Описание всех этих моих задерживающих чувств не отменяет моих хлопот о выезде. Сейчас мы проходим процедуру выезда как фолькс-дейтш. Думаю, что к весне дело будет закончено. На что я тогда решусь, мне самому еще не ясно, так как мне начинает сдаваться, что мир приходит в состояние некоторого равновесия. Целый ряд американцев, а также и немцев, ученых и политиков, убеждают меня, что мир живет на вулкане, но одновременно переживает весьма мирные времена. На вулкане в том смысле, что все готовятся к войне, но мирные времена потому, что ее не будет. Американцы не начнут превентивной войны, во-первых, потому, что они потеряют своих европейских союзников, не желающих драться, а, во-вторых, и по причине того, что американская демократия, готовая защищать себя до последней капли крови, по своему почину ни одной капли крови не прольет. Сталин же не романтик, не Гитлер, не Вильгельм Второй, а старая мудрая крыса Онуфрий, который прекрасно знает, что выиграть войны он не может, а, проиграв ее, похоронит все дело и России, и коммунизма, и себя самого. Мне кажется за последнее время, что в этих рассуждениях есть некоторая доля правды. Весьма пессимистично писал мне о шансах нашего устройства в Америке также и Тиллих. Он также думает, что войны еще долго не будет, а если она начнется, то теперь большевикам парадным маршем за Рейн не перейти.
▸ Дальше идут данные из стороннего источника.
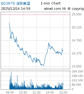 | 603978 | 深圳新星 | 24.350 | -1.200 | -4.697% | 2.80亿 | -- | ||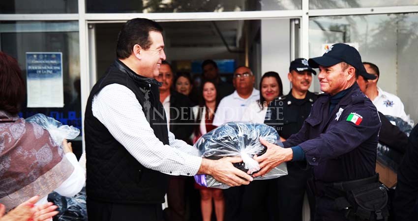 La Paz, Baja California Sur.- En cumplimiento de los estatutos normativos que rigen a la Dirección General de Seguridad Pública, Policía Preventiva y Tránsito Municipal de La Paz, el Alcalde Rubén Muñoz Álvarez, este lunes realizó la entrega de la dotación de uniformes y equipamiento de trabajo a los elementos que integran las diversas áreas operativas de la Policía Municipal, derivado de los recursos aplicados del Programa de Fortalecimiento para la Seguridad Pública Municipal (FORTASEG).

В таком случае можно было бы еще укрыться и в Швейцарии, с которой у меня хорошие связи. Вот, дорогой Дмитрий Иванович, разгадка противоречия в слухах обо мне. Я, действительно, и сам охвачен противоречием. Ответил Вам сразу же, ибо был бы весьма рад, если бы между нами наладилась переписка. Читали ли Вы «Бесноватых» Ремизова? Я, зная о Грудцыне только из Вашей истории литературы, кот. прочел с большим удовольствием, был очень увлечен ремизовской транскрипцией: в ней изумительно единство филолога и поэта, истории и исповедания.

Наталья Николаевна и я шлем Вам наш самый сердечный привет.

Искренне Ваш Федор Степун

Письма Ф. А. Степуна к Д.И Чижевскому (вступ. статья, публикация и примечания В. К. Кантора) // Вопросы философии. 2010. № 1.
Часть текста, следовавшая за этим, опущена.